Spriggan: Season 1 Review – IGN


Spriggan is now streaming on Netflix.

The first season of Netflix’s Spriggan offers a great start to what could be a promising animated series. Its interesting premise, nearly non-stop action, and charming yet mysterious protagonist(s) practically encourage a good binge watch. – as long as you can get over its uneven animation and unhappy relationship to 1998’s superior film.

Based on the Japanese manga series created by Hiroshi Takashige and Ryōji Minagawa, the anime follows the exploits of Yu Ominae, a 16-year-old super soldier tasked with finding and securing powerful displaced artifacts (OOPArt). Considered potential weapons of mass destruction, multiple paramilitary groups and country-backed entities covertly vie for control. The result is a public Cold War that is anything but. Luckily, ARCAM Corporation – posing as the voice of reason and Yu’s current employer – seeks to protect the artifacts in an effort to save lives.

Best Anime Series on Netflix

Spriggan worked like a manga due to its likable characters, over-the-top action, and fascinating twists on world history and religious doctrine. Netflix’s six-episode adaptation mostly benefits the same way by sticking closely to the source material. The action, at times, is solid; Yu can definitely take a punch, even if he sends it through multiple walls. OOPArt being created by an ancient technologically advanced civilization gives credit to the change in accepted ideologies. The reimagining of Noah’s Ark as a giant weather machine remains a creative narrative thread.

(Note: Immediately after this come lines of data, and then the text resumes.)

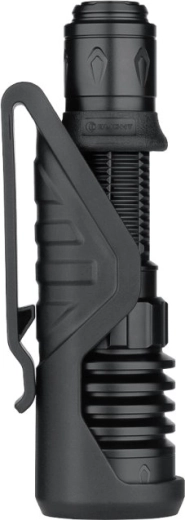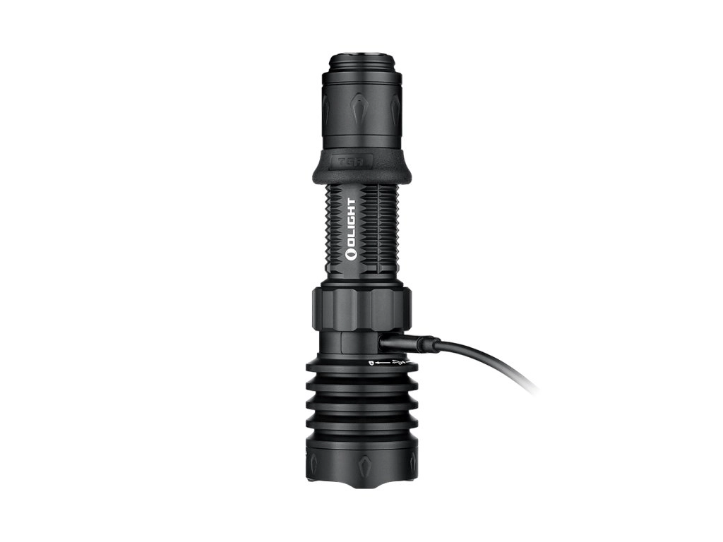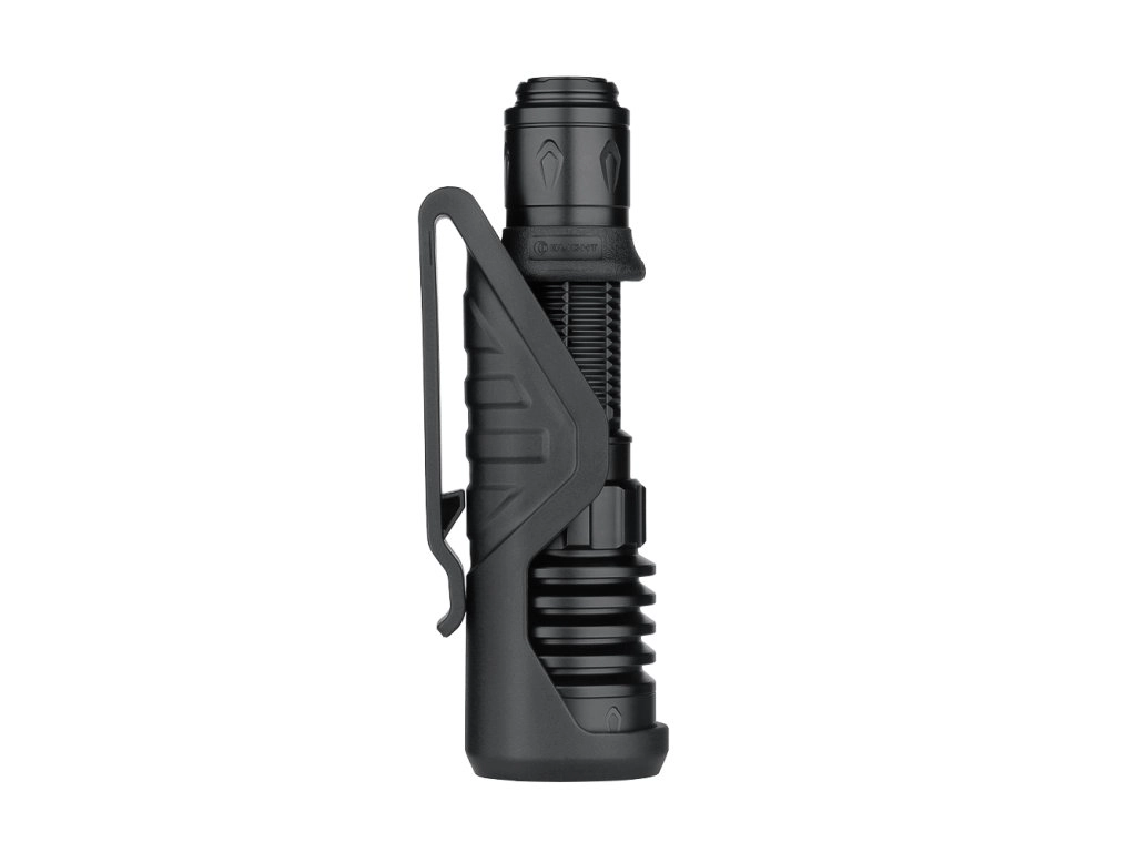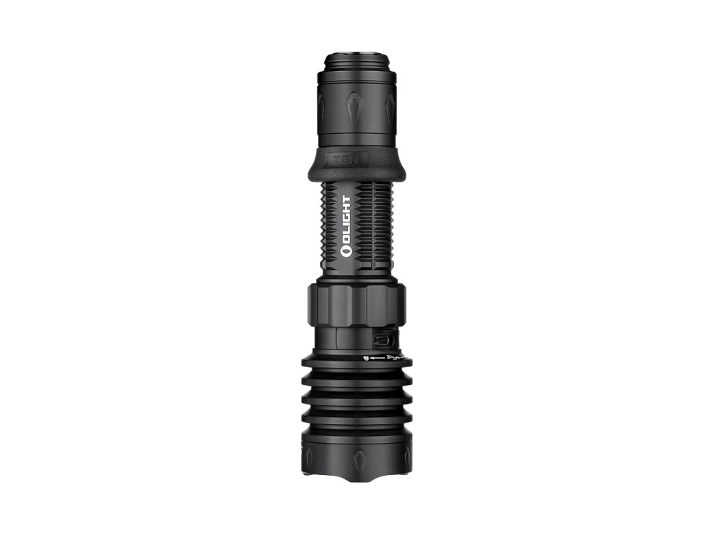 Den slidstærke aluminiums konstruktion med tekstureret riffelering og en taktisk kontakt i enden muliggør pålidelig betjening selv med handsker på.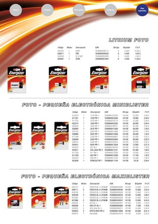 Este documento presenta una lista de productos de pilas y linternas de la marca Energizer. Incluye códigos de producto, descripciones, especificaciones de empaque, precios de venta al público y representaciones. También destaca algunos hitos y avances tecnológicos clave de Energizer como pilas de litio de mayor duración y pilas alcalinas con mayor retención de carga.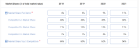 - The market share of each of the 3 largest competitors in the market in descending order of share.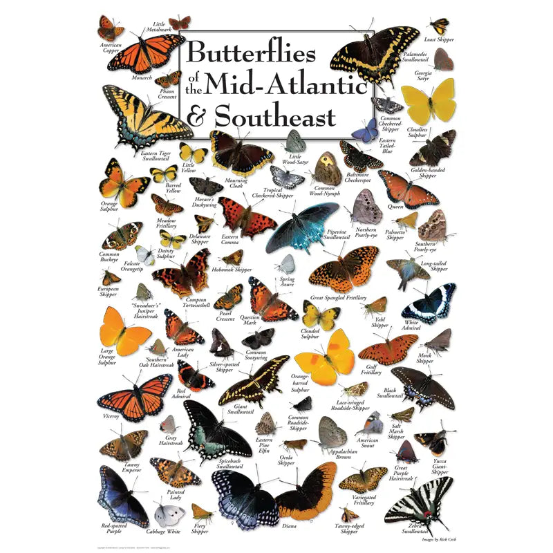 Pieces: 550 Size: 18" x 24" Artist: Rick Cech P/N: 30518 Beautiful artistic representation of 79 species of butterflies – both common and exotic – – found in the the following states: New York, New Jersey, Pennsylvania, Ohio, Indiana, Kentucky, Tennessee, Virginia, West Virginia, Delaware, Maryland, South Carolina, North Carolina, Georgia, Alabama, and Mississippi.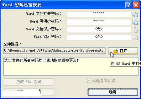 第3步,根據(jù)密碼的復(fù)雜程度,恢復(fù)過(guò)程需要使用不同的時(shí)間。成功恢復(fù)密碼后,打開(kāi)“Word密碼已被恢復(fù)”對(duì)話(huà)框。記住恢復(fù)的密碼,單擊“打開(kāi)”按鈕并輸入密碼,可以打開(kāi)加密的Word文檔。最后單擊“確定”按鈕,如下圖所示: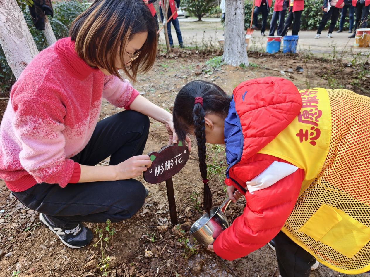 小朋友们也拎着小水桶穿梭其间,成了最萌的“护绿使者”。“小树多喝水,快快长大啊!”孩子们将清水缓缓倒入树根中。清凉的水流渗入泥土,也在孩子们心中种下了爱护环境的种子。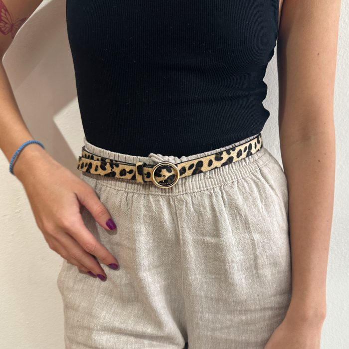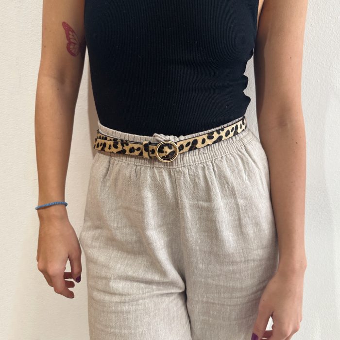 Γυναικεία ζώνη animal print με χρυσή μπρονζέ αγκράφα από pu
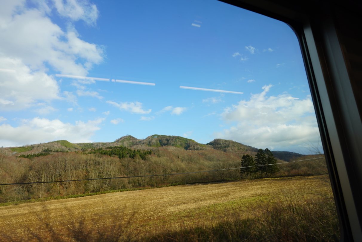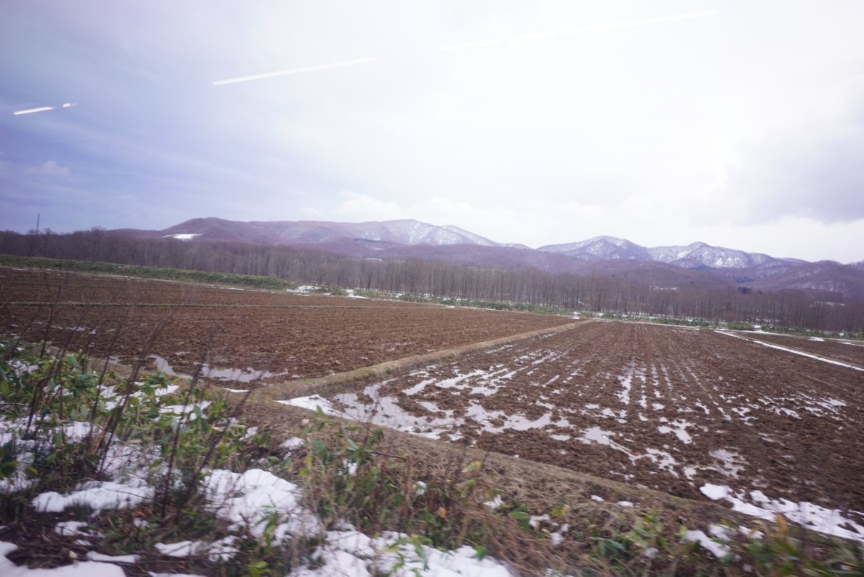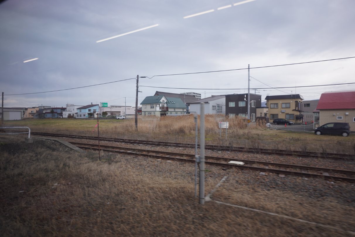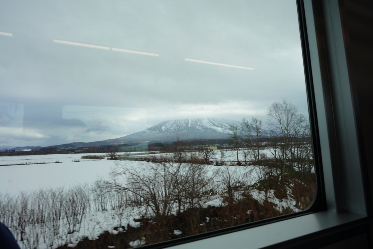 倶知安駅を出ると左手に羊蹄山を眺めながら進みます。あいにくの天気なので山頂まで綺麗な絶景という風にはならなかったのが残念。冬の晴天なら綺麗なんだろうなぁ。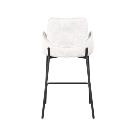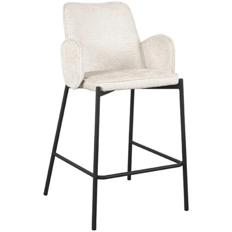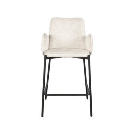 Barkruk Joni, uitgevoerd in cream elegance heeft een luxe ronde zitting, rugleuning en is in het bezit van armleuningen. Deze combinatie maakt Joni een luxe barkruk met ontzettend veel comfort. De armleuningen lopen achter de rugleuning langs waardoor de barkruk een uniek uiterlijk krijgt en er ook nog eens ontzettend leuk uitziet aan de achterkant. Dat is natuurlijk een fijne bijkomstigheid als de barkrukken aangeschoven staan aan tafel of een bar. Het ranke maar doorlopende zwarte frame waar de zitting als ware op rust geeft de barkruk een luchtige uitstraling. Het U-frame zorgt voor een makkelijke op- en afstap en dient als voetensteun. De uiteinde van het frame loopt op vier zijdes een klein stukje door wat zorgt voor een speels effect.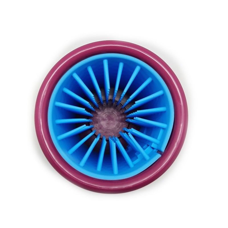 Лапомойка состоит из пластмассового стакана, в который вставляется щётка с силиконовыми ворсинками. Добавьте в воду каплю шампуня или мыльного раствора, а после процедуры насухо вытрите собаке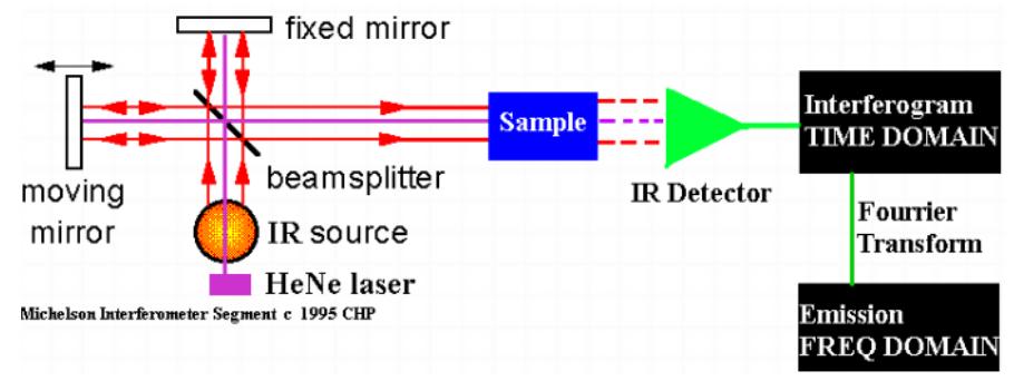 如上圖,紅外復(fù)合光源通過半透半反鏡后,分別經(jīng)過動鏡(Moving Mirror)和固定反射鏡(Fixed Mirror)后,兩路反射回的光發(fā)生干涉。干涉光通過樣品后,通過紅外探測器后被記錄下來。在動鏡以恒定速度移動時,探測器就會記錄下光強隨時間的變化關(guān)系。通過一系列的傅里葉變換和計算,就可以得到光強隨頻率的變化,從而得到光強隨波長變化的關(guān)系。
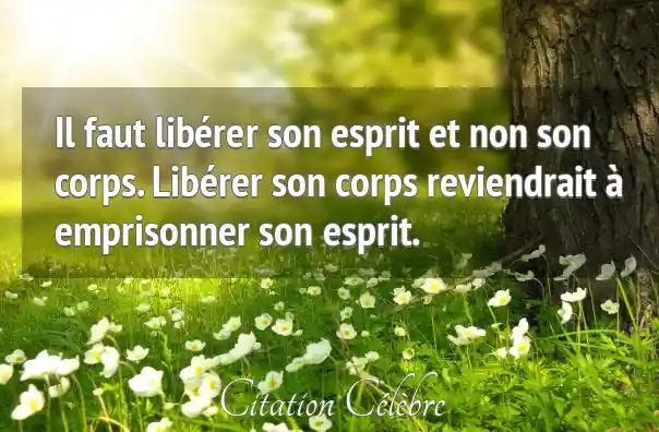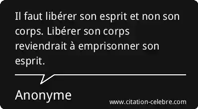 Il faut libérer son esprit et non son corps. Libérer son corps reviendrait à emprisonner son esprit.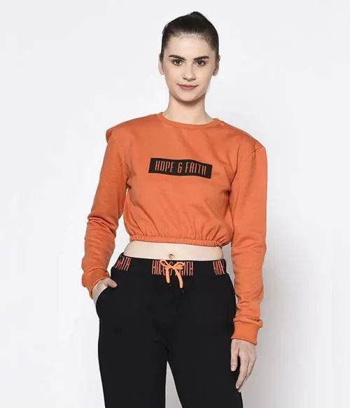Rigo Women Round Neck Printed Crop Fleece Sweatshirt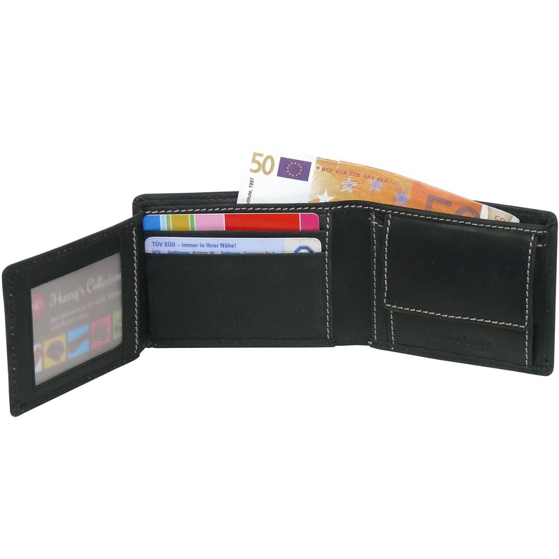 Harrys-Collection Very robust genuine leather wallet in vintage look with RFID protection, black, purse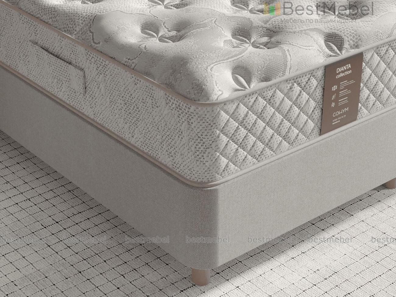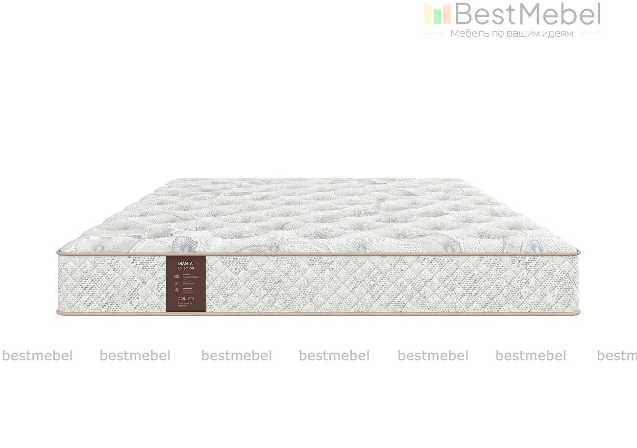 Матрас Dianta Soft – самая мягкая модель серии благодаря использованию нежной и эластичной мемори-пены. Блок независимых пружин ChessPocket выдерживает большую нагрузку и обеспечивает равномерную поддержку телу спящего. Белый войлок надежно изолирует внутренние слои, продлевая срок службы матраса, а трикотажный чехол с объемной декоративной простежкой на синтепоне создает мягкое, приятное на ощупь и долговечное покрытие. Купить матрас Dianta Soft вы сможете на сайте нашего интернет-магазина с выбором оптимальных размеров.
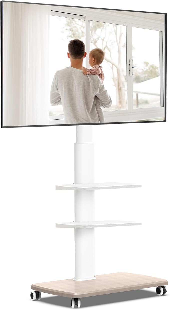 FITUEYES テレビスタンド 32〜70型対応 キャスター付き 高さ角度調節可能 移動式 木目調 ホワイト 中段棚二枚付 棚板無階段調節 TT306504WW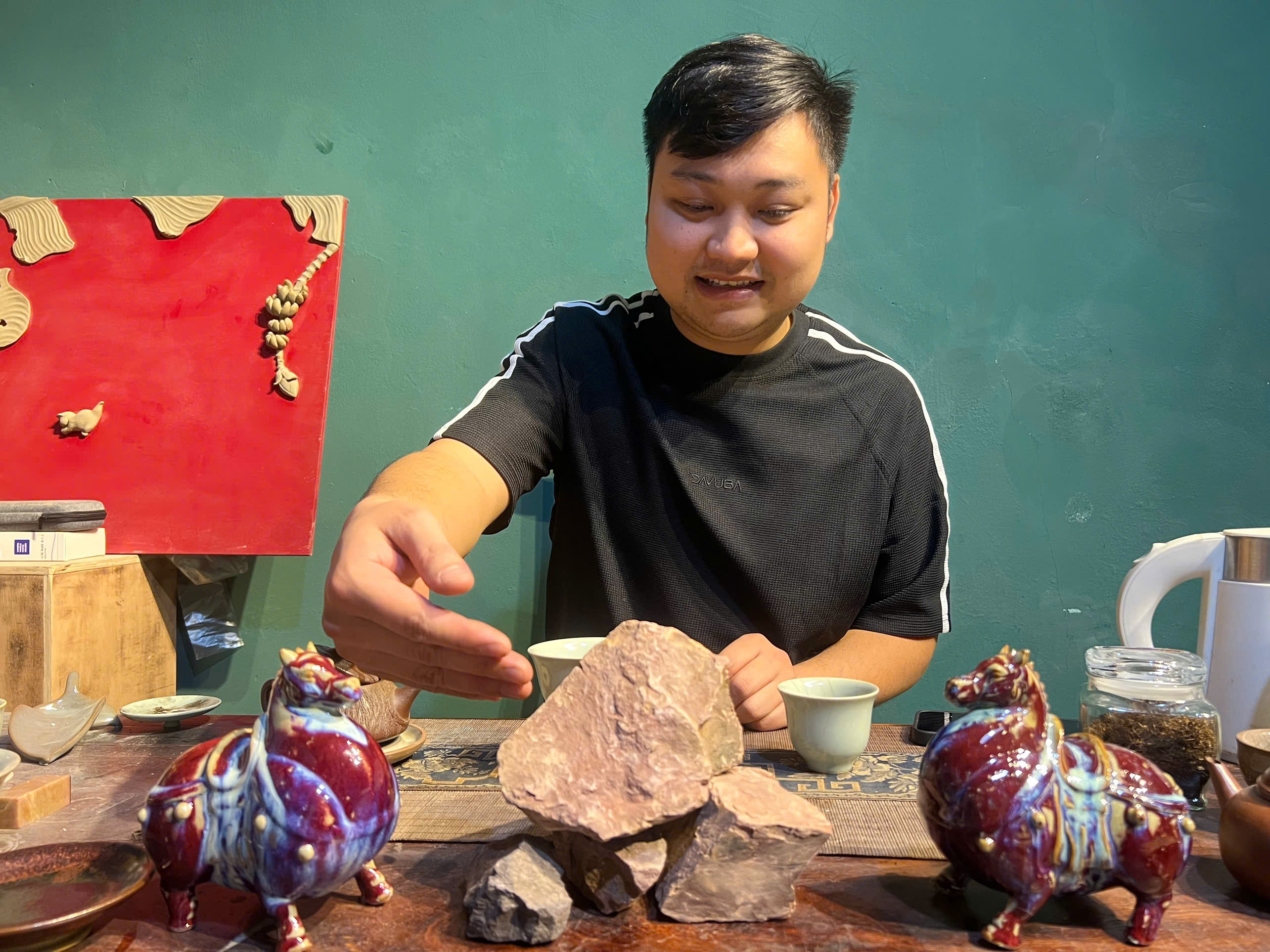 Anh Chiến “Gốm” chia sẻ, từ nhỏ mỗi hơi thở, bước chân của Anh đều in dấu và thấm đẫm những tinh hoa của Cha Ông, nên khi 8 tuổi Anh đã bước chân vào nghề gốm, đến nay 31 tuổi, Anh đã 23 năm gắn bó với nghề gốm. Xưởng gốm của anh chỉ thuê ít lao động bên ngoài mà chủ yếu là anh, em trong gia đình cùng làm ra một số loại sản phẩm gốm sứ đặc trưng được sản xuất bằng thủ công truyền thống và luôn được khách hàng, đặc biệt là những người yêu trà cụ háo hức chờ đón với những giá trị khác biệt, không đụng hàng và riêng có.

When it comes to casting, Yu Ominae (voiced by Kyle McCarley and Chiaki Kobayashi) still delicately walks the line between hoping for the future and stupidly naive. That said, he’s not portrayed as a clumsy hero with questionable decision-making skills; he will kill an enemy if the situation warrants it. His friend and rival Jean Jacquemond (Xander Mobus/Yohei Azakami), meanwhile, is as charismatic as he is violent. He never hesitates to take an enemy’s head off and that’s before he turns into a werewolf. It’s a stark contrast to Yu’s character, morally speaking. That doesn’t make Jean any less appealing, though. He’s more Vegeta than Yu’s Goku. He’s still working for the greater good while invoking some of the darker urges audiences can have when presented with some of the show’s truly evil characters.

Yoshino Somei (voiced by Jenny Yokobori/Mariya Ise) provides some welcome levity amid all the bloodshed. Always on the hunt for an artifact or other expensive bobble to sell, she’s constantly at odds with Yu. a win – Yoshino acts like the little sister Yu never wanted. This is played for laughs, given that she almost always gets what she wants, despite Yu’s insistence that she stay out of ARCAM’s business. Deep down though, Yoshino is a well-meaning thief who saves the day on more than one occasion.

Spriggan is interesting enough to recommend to fans of the manga and the movie. That said, newcomers might be put off by the lack of an overarching plot. The show, like the manga, spends the majority of its time setting the stage for future events. Shady companies are introduced. The bad guys are either killed or disappear. There is little character growth, with only the smallest of glimpses of the past compared to present events. Aside from the segments where Yu is at school, where his peers wonder why he’s always tired and covered in bruises, there’s not much that ties each event together. Even the supporting cast is shuffled from episode to episode.

Yu’s globe-trotting adventure allows for inventive encounters.

This open storytelling facilitates Spriggan’s episodic format, however. Yu’s globe-trotting adventure allows for inventive encounters. He quickly goes from battling cybernetic soldiers in an apartment complex to battling zombies in a cursed forest. There is always something new to be captivated. Those who already know what to expect from reading the manga won’t be surprised to see heroes and villains jump in and out of the series quickly. And since those first six episodes are expected to be just the start – although Netflix hasn’t officially confirmed another season, it makes sense that Spriggan will be released in multiple parts/multiple seasons that will eventually allow better connective tissue between events – more emphasis on action isn’t necessarily a bad thing…at least until it is.

There are plenty of action-packed segments between cybernetically enhanced individuals. The arms are torn off. The bones are crushed. The fight entertains. Unfortunately, these fights are not always well animated. Spriggan uses both hand-drawn and computer-generated animation, but not in equal proportions. 2D animation is smooth with realistic movements. When this is combined with CG, the action slows down as the characters get stiff. It at least makes sense when used with mechs or robotic enemies, though that doesn’t mean those mechs look good, mind you. This giant metallic machine looks heavy and metallic, sure, but ultimately alien when bunched up next to everything else on screen.

The Spriggan movie released in 1998 still looks amazing by comparison. It only focuses on one incident, doesn’t include all the characters, and is finished, story-wise (which is good considering the nature of the medium). This anime is a better representation of the manga. But visually, the Spriggan show is rough around the edges. The only thing he has on the film besides a strict adherence to the manga is the voice acting. Dubbed or subtitled, the cast as a whole did an amazing job.